WHAT IS NEEDED
Would you repeat the listing below verbatim and drop the images?

RAW DATA
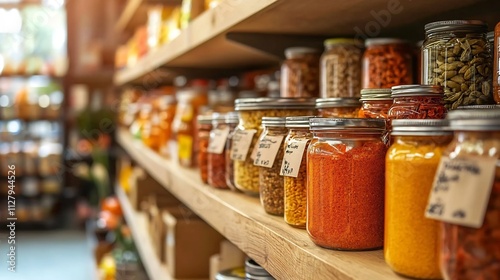 A photograph showcasing a row of neatly arranged and organized canned goods jars and dry products displayed on store shelves with an empty aisle in the foreground
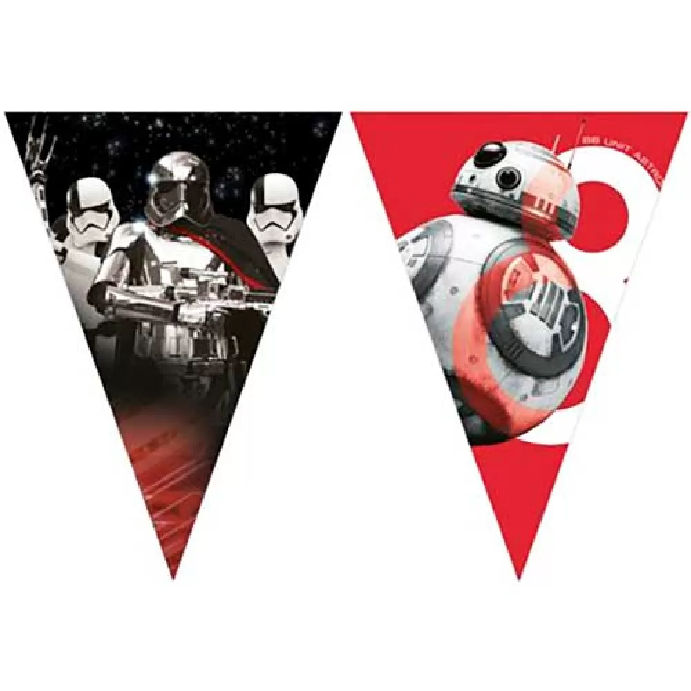 - Гирлянда-вымпелы «Звездные войны» с дроидом и штурмовиками выполнена из полиэтилена, длина гирлянды 230 см.
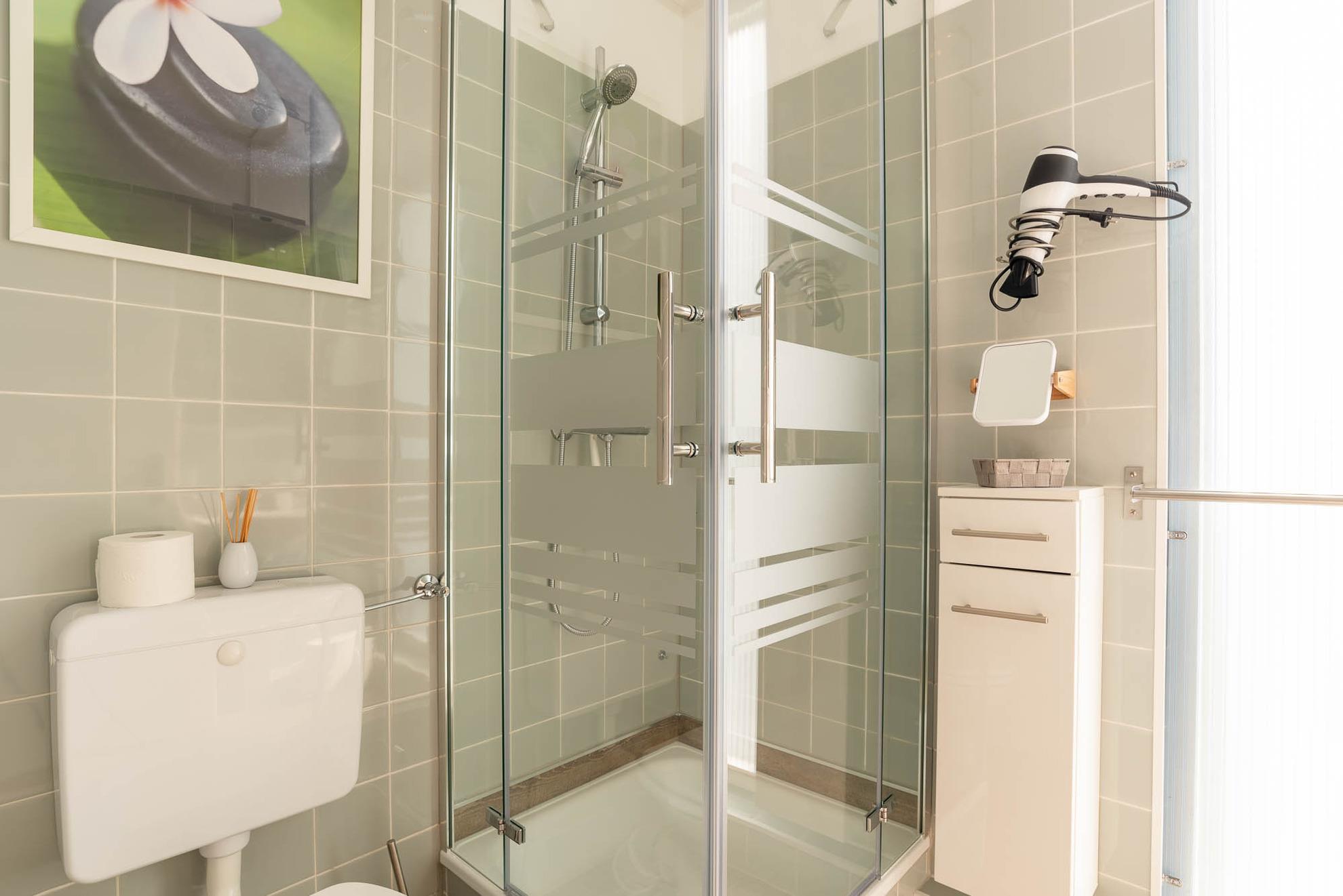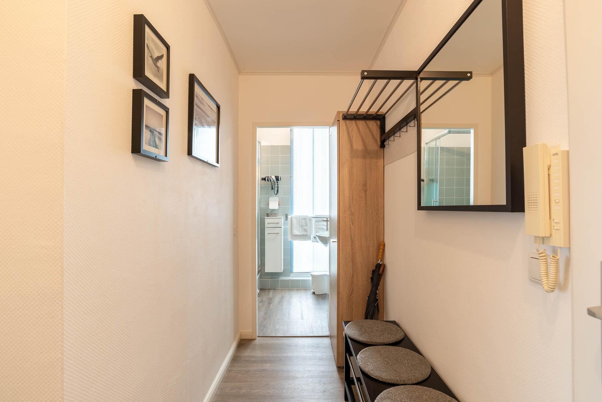 Das Duschbad ist hell gefliest und hat ein Fenster. Der kleine Flur mit Schrank und Flurgarderobe, mit ausreichend Ablagemöglichkeiten während Ihres Aufenthaltes, runden die 47 qm große Wohnung ab.

TASK SOLUTION
 A photograph showcasing a row of neatly arranged and organized canned goods jars and dry products displayed on store shelves with an empty aisle in the foreground
 - Гирлянда-вымпелы «Звездные войны» с дроидом и штурмовиками выполнена из полиэтилена, длина гирлянды 230 см.
 Das Duschbad ist hell gefliest und hat ein Fenster. Der kleine Flur mit Schrank und Flurgarderobe, mit ausreichend Ablagemöglichkeiten während Ihres Aufenthaltes, runden die 47 qm große Wohnung ab.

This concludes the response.